Nelson, along with numerous antiabortion groups, want an ironclad ban that would prevent any subsidies being used to purchase policies that include abortion coverage. Such a provision would track closely to the terms outlined in the House bill, adopted over strong liberal objections.

Nelson said he was waiting for antiabortion groups back home in Nebraska to weigh in on the proposal.

Sen. Barbara Boxer of California, a leader of the abortion-rights faction of the Senate Democratic caucus, said she was hopeful that a compromise could be reached. "We're looking for those words that will just keep the status quo in play," she said. "If we're real, if we all mean what we say, I feel we can do it."

Despite the focus on abortion, other issues remain unresolved, and Democratic caucus members continue to push for changes to the legislation. Three senators, including Joe Lieberman (I., Conn.) and John Rockefeller (D., W.Va.), announced yesterday that they would seek to significantly increase the authority of a new independent Medicare advisory board that the Obama administration views as critical to reining in health-care costs.

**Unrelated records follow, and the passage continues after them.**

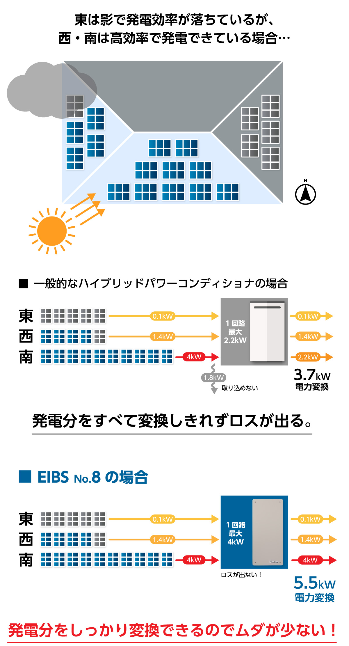 発電しながら充電したり、部分影などで発電が落ちても、他のストリングの発電でカバーすることができ、太陽電池の発電をさらにムダにすることなく、利用できます。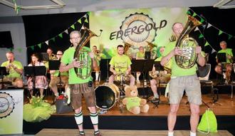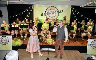 Ganz im Zeichen der Blasmusik stand das Wochenende in Wolfershausen. Die Musiker der Kapelle Edergold stellten ihr neues Programm „Freundschaft ist EderGOLD“ vor. Dabei erlebten die 200 begeisterten Zuschauer auch eine Uraufführung. Die Polka „Ein Tag mit dir“, komponiert von Oliver Steer und arrangiert vom musikalischen Leiter von Edergold, Till Borchert, erklang zum ersten Mal. Dieses Stück gibt es nur von Edergold. Aber nicht nur mit dieser Polka, sondern mit der gesamten Titelauswahl hatten die Organisatoren den Geschmack des Publikums getroffen. Die Blasmusiker spielten viele Stücke von Ernst Mosch, aber auch neue Arrangements wurden gespielt. Mit Witz, Charme und Wissen führten Melanie Vockeroth und Marco Wunsch gekonnt durch das Programm.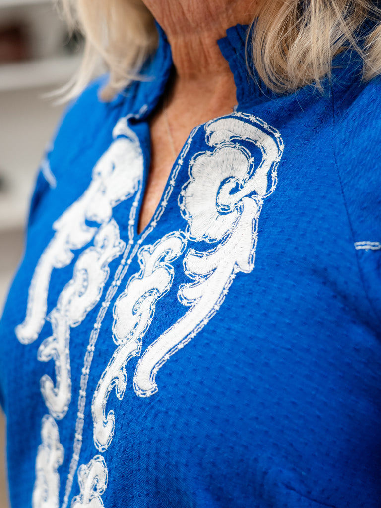Make a bold, beautiful statement in this vibrant blue embroidered top. Designed with eye-catching white scroll embroidery down the front and on the sleeves, this piece blends classic detailing with a fresh, modern silhouette. The split neckline with a soft ruffle collar adds a feminine touch, while the gently gathered puff sleeves create just the right amount of volume.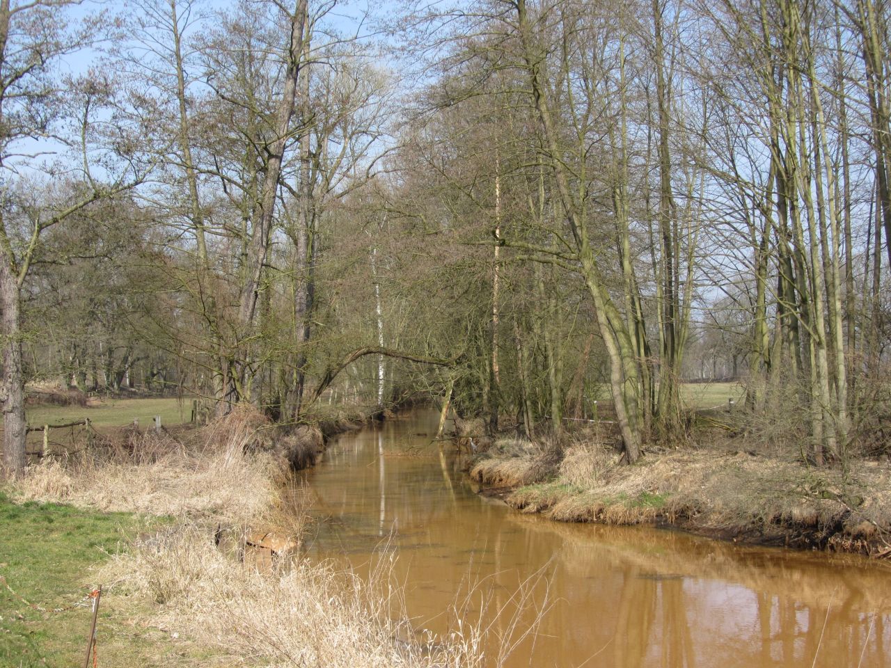 Die schwarze Elster ist hier zwischen den Deichen eingesperrt. Der Radweg verläuft auf der Deichkrone, meistens ist er asphaltiert, manchmal auch nur geschottert. Da wenig Wind herrscht, kommen wir flott voran.
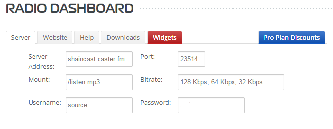 Le code est donnée par caster.fm.

The amendment would scrap deals cut to exempt hospitals and hospices from additional Medicare payment cuts over the next decade, make clear that doctors and medical-device manufacturers could also face payment cuts, authorize the board to cut Medicare spending sooner and more deeply, and ensure that the board could continue to force Congress to make Medicare cuts years into the future.

The proposal is sure to infuriate both provider groups and organizations representing the elderly, although the senators also propose to expand the scope of the board so it could make recommendations to cut costs across the entire health industry, a change sought by AARP and other seniors groups.